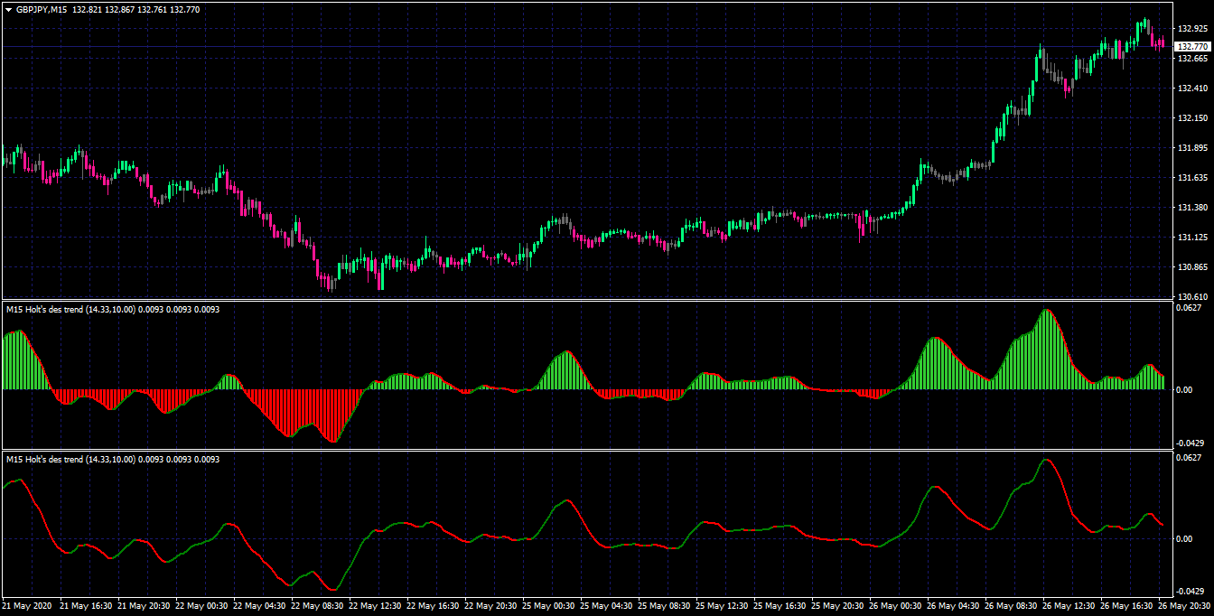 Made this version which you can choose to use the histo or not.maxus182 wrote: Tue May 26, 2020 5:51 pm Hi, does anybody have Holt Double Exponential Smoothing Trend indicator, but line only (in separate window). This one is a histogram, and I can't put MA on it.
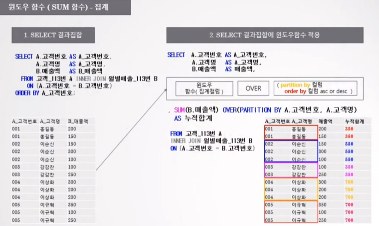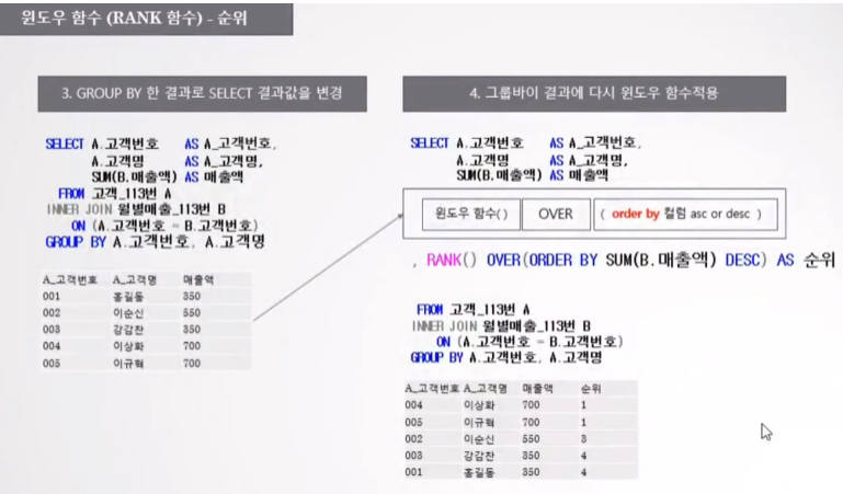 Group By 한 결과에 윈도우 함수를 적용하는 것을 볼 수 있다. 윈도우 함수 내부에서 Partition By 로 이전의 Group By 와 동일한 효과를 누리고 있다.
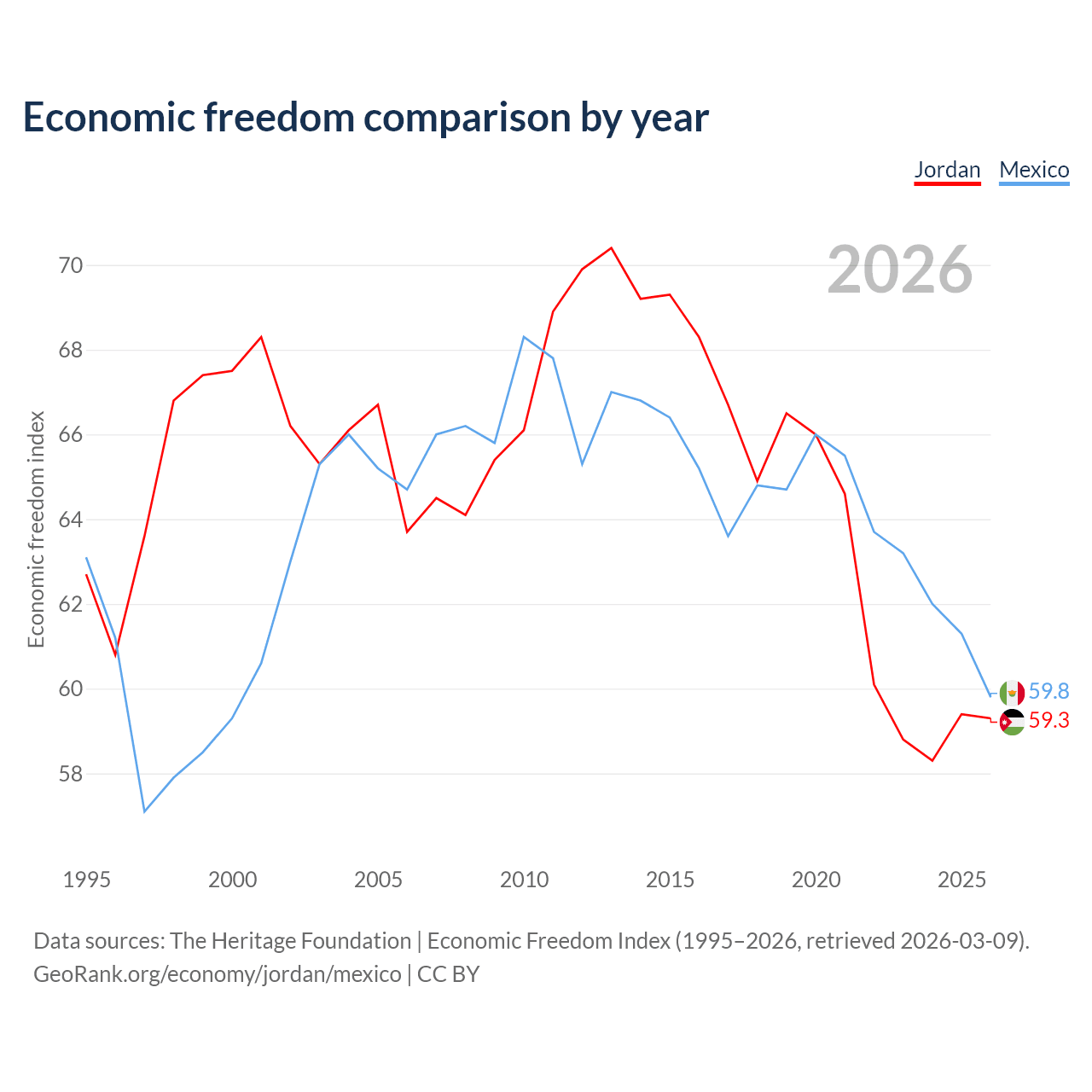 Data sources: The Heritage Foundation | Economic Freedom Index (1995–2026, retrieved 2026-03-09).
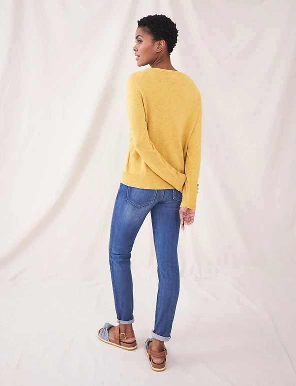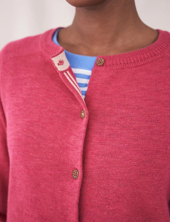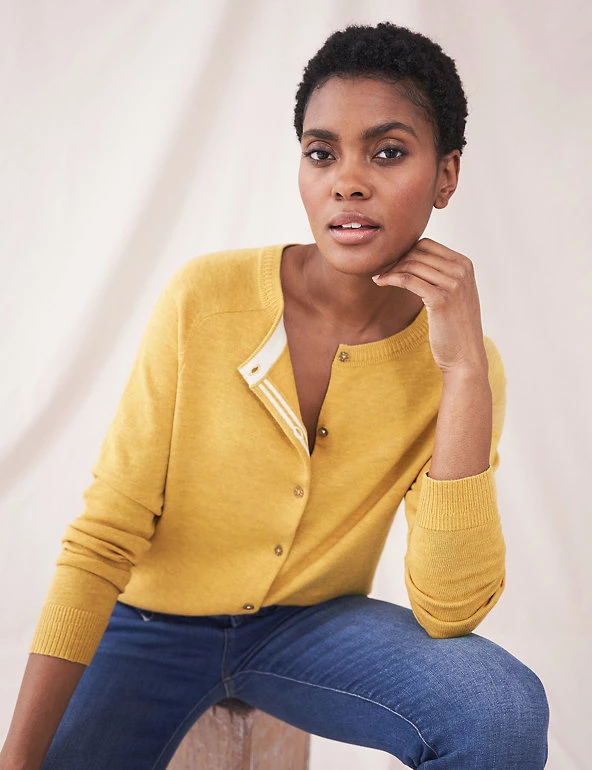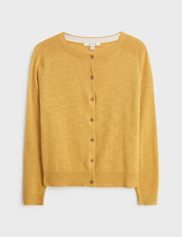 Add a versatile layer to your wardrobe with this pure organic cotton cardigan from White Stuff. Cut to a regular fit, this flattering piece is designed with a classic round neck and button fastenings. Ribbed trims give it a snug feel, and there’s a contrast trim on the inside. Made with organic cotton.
____________
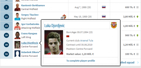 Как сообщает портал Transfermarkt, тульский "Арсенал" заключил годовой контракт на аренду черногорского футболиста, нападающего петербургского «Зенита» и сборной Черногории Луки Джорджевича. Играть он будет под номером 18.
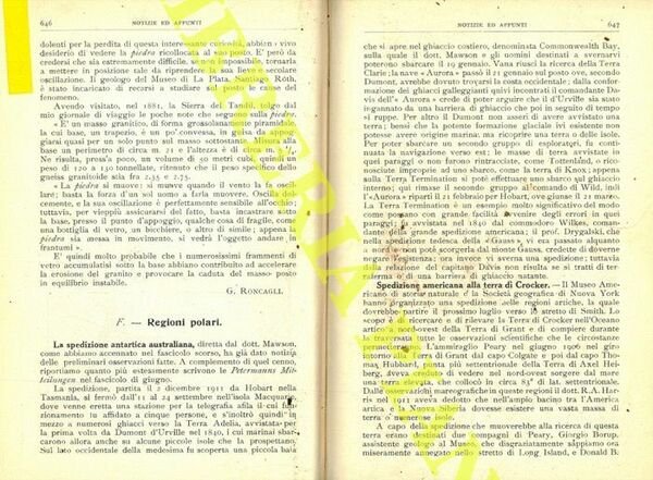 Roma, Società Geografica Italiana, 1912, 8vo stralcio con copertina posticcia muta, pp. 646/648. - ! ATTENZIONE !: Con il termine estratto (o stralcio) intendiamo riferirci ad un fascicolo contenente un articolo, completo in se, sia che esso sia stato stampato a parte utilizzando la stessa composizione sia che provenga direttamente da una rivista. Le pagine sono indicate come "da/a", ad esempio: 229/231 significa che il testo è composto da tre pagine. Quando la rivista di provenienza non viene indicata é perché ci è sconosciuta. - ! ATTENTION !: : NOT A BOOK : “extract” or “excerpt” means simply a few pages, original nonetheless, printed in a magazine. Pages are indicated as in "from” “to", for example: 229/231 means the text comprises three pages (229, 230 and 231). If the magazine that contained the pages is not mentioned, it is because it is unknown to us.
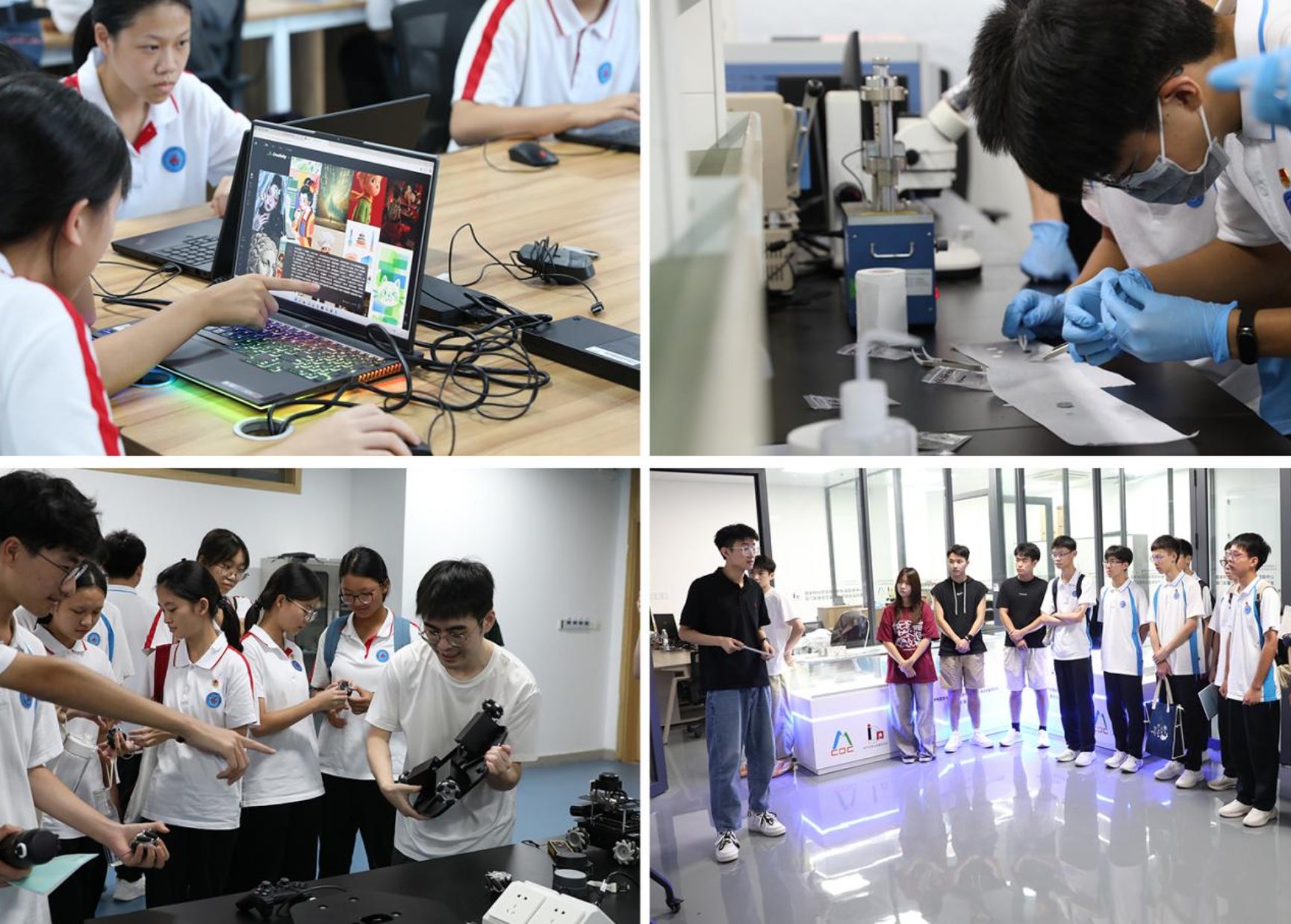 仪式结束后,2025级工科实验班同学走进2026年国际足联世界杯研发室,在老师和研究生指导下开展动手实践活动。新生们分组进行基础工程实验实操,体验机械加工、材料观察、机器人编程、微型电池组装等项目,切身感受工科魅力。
____________
Word for word, retype the lines in the entries above that run from the one with "Roma, Società Geografica" through the one with "仪式结束后,2025级工科实". Both ends count; pictures do not.

| RESULT OF THIS EXERCISE |
 Roma, Società Geografica Italiana, 1912, 8vo stralcio con copertina posticcia muta, pp. 646/648. - ! ATTENZIONE !: Con il termine estratto (o stralcio) intendiamo riferirci ad un fascicolo contenente un articolo, completo in se, sia che esso sia stato stampato a parte utilizzando la stessa composizione sia che provenga direttamente da una rivista. Le pagine sono indicate come "da/a", ad esempio: 229/231 significa che il testo è composto da tre pagine. Quando la rivista di provenienza non viene indicata é perché ci è sconosciuta. - ! ATTENTION !: : NOT A BOOK : “extract” or “excerpt” means simply a few pages, original nonetheless, printed in a magazine. Pages are indicated as in "from” “to", for example: 229/231 means the text comprises three pages (229, 230 and 231). If the magazine that contained the pages is not mentioned, it is because it is unknown to us.
 仪式结束后,2025级工科实验班同学走进2026年国际足联世界杯研发室,在老师和研究生指导下开展动手实践活动。新生们分组进行基础工程实验实操,体验机械加工、材料观察、机器人编程、微型电池组装等项目,切身感受工科魅力。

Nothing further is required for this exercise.